Assessment (Grading)

This is subject to change but is a rough estimate

30% Labs (3 to 4 total)
5% Homework assignments (3 to 4, lightly graded)
25% Final Project (with writeup and presentation)
10% Participation
30% Exams (2 Midterms, no final)

Class Participation

As discussed in responsibilities, your participation involves:

Required attendance to lecture and lab
Active participation in lecture
Active engagement in the class discussion groups
Concept quizzes and/or class prompts if and when they are used

Working With Partners

Partnerships where partners work mostly independently rarely work out well and frequently fail to produce complete, correct and robust solutions. More importantly, they don’t result in both partners learning well, which is ultimately the point of doing the work in the first place. Partnerships where partners work side-by-side for all or most of the time tend to work out very well, with both partners learning (and accomplishing) more than they would alone.

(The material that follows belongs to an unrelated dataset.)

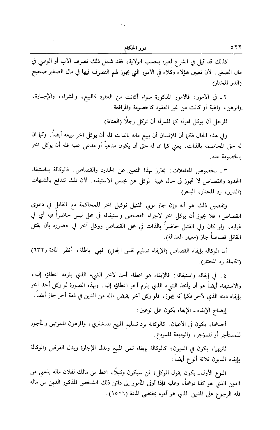 2 - فِي الْأُمُورِ: فَالْأُمُورُ الْمَذْكُورَةُ سَوَاءٌ أَكَانَتْ مِنْ الْعُقُودِ كَالْبَيْعِ، وَالشِّرَاءِ، وَالْإِجَارَةِ، وَالرَّهْنِ، وَالْهِبَةِ أَوْ كَانَتْ مِنْ غَيْرِ الْعُقُودِ كَالْخُصُومَةِ وَالْمُرَافَعَةِ. لِلرَّجُلِ أَنْ يُوَكِّلَ امْرَأَةً كَمَا لِلْمَرْأَةِ أَنْ تُوَكِّلَ رَجُلًا (الْعِنَايَةُ) وَفِي هَذِهِ الْحَالِ فَكَمَا أَنَّ لِلْإِنْسَانِ أَنْ يَبِيعَ مَالَهُ بِالذَّاتِ فَلَهُ أَنْ يُوَكِّلَ آخَرَ بِبَيْعِهِ أَيْضًا. وَكَمَا أَنَّ لَهُ حَقَّ الْمُخَاصَمَةِ بِالذَّاتِ، يَعْنِي كَمَا أَنَّ لَهُ حَقَّ أَنْ يَكُونَ مُدَّعِيًا أَوْ مُدَّعًى عَلَيْهِ فَلَهُ أَنْ يُوَكِّلَ آخَرَ بِالْخُصُومَةِ عَنْهُ. 3 - بِخُصُوصِ الْمُعَامَلَاتِ: يُحْتَرَزُ بِهَذَا التَّعْبِيرِ عَنْ الْحُدُودِ وَالْقِصَاصِ فَالْوَكَالَةُ بِاسْتِيفَاءِ الْحُدُودِ وَالْقِصَاصِ لَا تَجُوزُ فِي حَالِ غَيْبَةِ الْمُوَكِّلِ عَنْ مَجْلِسِ الِاسْتِيفَاءِ؛ لِأَنَّ تِلْكَ تَنْدَفِعُ بِالشُّبُهَاتِ (الدُّرَرُ، رَدُّ الْمُحْتَارِ، الْبَحْرُ) وَتَفْصِيلُ ذَلِكَ هُوَ أَنَّهُ وَإِنْ جَازَ لِوَلِيِّ الْقَتِيلِ تَوْكِيلُ آخَرَ لِلْمُحَاكَمَةِ مَعَ الْقَاتِلِ فِي دَعْوَى الْقِصَاصِ فَلَا يَجُوزُ أَنْ يُوَكِّلَ آخَرَ لِإِجْرَاءِ الْقِصَاصِ وَاسْتِيفَائِهِ فِي مَحَلٍّ لَيْسَ حَاضِرًا فِيهِ أَيْ فِي غِيَابِهِ وَلَوْ كَانَ وَلِيُّ الْقَتِيلِ حَاضِرًا بِالذَّاتِ فِي مَحَلِّ الْقِصَاصِ وَوَكَّلَ آخَرَ فِي حُضُورِهِ بِأَنْ يَقْتُلَ الْقَاتِلَ قِصَاصًا جَازَ (مِعْيَارُ الْعَدَالَةِ) أَمَّا الْوَكَالَةُ بِإِيفَاءِ الْقِصَاصِ (الْإِيفَاءُ تَسْلِيمُ نَفْسِ الْجَانِي) فَهِيَ بَاطِلَةٌ، اُنْظُرْ الْمَادَّةِ (632) (تَكْمِلَةُ رَدِّ الْمُحْتَارِ) 4 - فِي إيفَائِهِ وَاسْتِيفَائِهِ: فَالْإِيفَاءُ هُوَ إعْطَاءُ أَحَدٍ لِآخَرَ الشَّيْءَ الَّذِي يَلْزَمُهُ إعْطَاؤُهُ إلَيْهِ، وَالِاسْتِيفَاءُ أَيْضًا هُوَ أَنْ يَأْخُذَ الشَّيْءَ الَّذِي يَلْزَمُ آخَرَ إعْطَاؤُهُ إلَيْهِ. وَبِهَذِهِ الصُّورَةِ لَوْ وَكَّلَ أَحَدٌ آخَرَ بِإِيفَاءِ دَيْنِهِ الَّذِي لِآخَرَ فَكَمَا أَنَّهُ يَجُوزُ، فَلَوْ وَكَّلَ آخَرَ بِقَبْضِ مَالِهِ مِنْ الدَّيْنِ فِي ذِمَّةِ آخَرَ جَازَ أَيْضًا. إيضَاحُ الْإِيفَاءِ - الْإِيفَاءُ يَكُونُ عَلَى نَوْعَيْنِ: أَحَدُهُمَا، يَكُونُ فِي الْأَعْيَانِ. كَالْوَكَالَةِ بِرَدِّ تَسْلِيمِ الْمَبِيعِ لِلْمُشْتَرِي، وَالْمَرْهُونِ لِلْمُرْتَهِنِ وَالْمَأْجُورِ لِلْمُسْتَأْجِرِ أَوْ لِلْمُؤَجِّرِ، الْوَدِيعَةِ لِلْمُودِعِ. ثَانِيهِمَا، يَكُونُ فِي الدُّيُونِ كَالْوَكَالَةِ بِإِيفَاءِ ثَمَنِ الْمَبِيعِ وَبَدَلِ الْإِجَارَةِ وَبَدَلِ الْقَرْضِ.

You and your partner are both equally responsible for initiating scheduling times when you can meet to work together, and for making time available in your schedule for working together.

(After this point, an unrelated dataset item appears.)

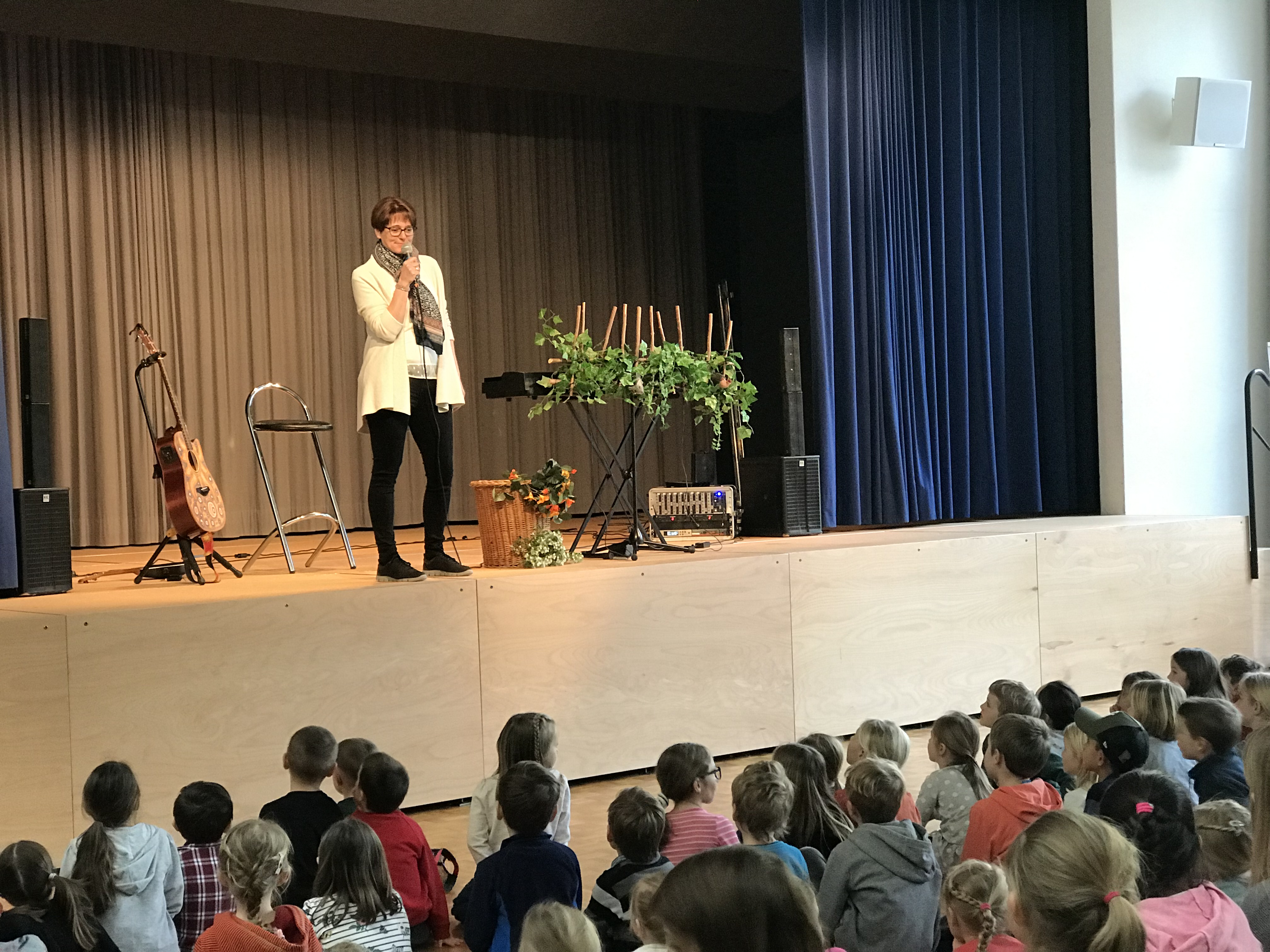 Verwaltungsrätin Sarah Ming begrüsst die Kinder zum Konzert.

For partnered lab assignments, you should follow these guidelines:

The expectation is that you and your partner are working together side by side in the lab for most, if not all, of the time you work on partnered lab assignments.
You and your partner should work on all aspects of the project together: initial top-down design, incremental testing and debugging, and final testing and code review.
When working together, follow the practices of pair programming (where one of you types and one of you watches and assists, ensuring you swap roles periodically, taking turns doing each part).
If meeting in person is not possible, pair programming can be done via screen-sharing and voice chat (e.g. Zoom); working together remotely isn’t as good as working together in person, but it’s better than working alone.
There may be short periods of time where you each go off and implement some small part independently. However, you should frequently come back together, talk through your changes, push and pull each other’s code from the git repository, and test your merged code together.
You should not delete or significantly alter code written by your partner when they are not present. If there is a problem in the code, then meet together to resolve it.
If there is any issue with the partnership, contact the professor.

Taking time up front to design a plan for your solution together and to doing incremental implementation and testing together may seem like it is a waste of time, but in the long run it will save you a lot of time by making it less likely that you have design or logic errors in your solution, and by having a partner to help track down bugs and to help come up with solutions to problems.

Policies

Academic Integrity

The general ethos of this policy is that actions which shortcut or avoid the learning process are forbidden, while actions which promote learning are encouraged.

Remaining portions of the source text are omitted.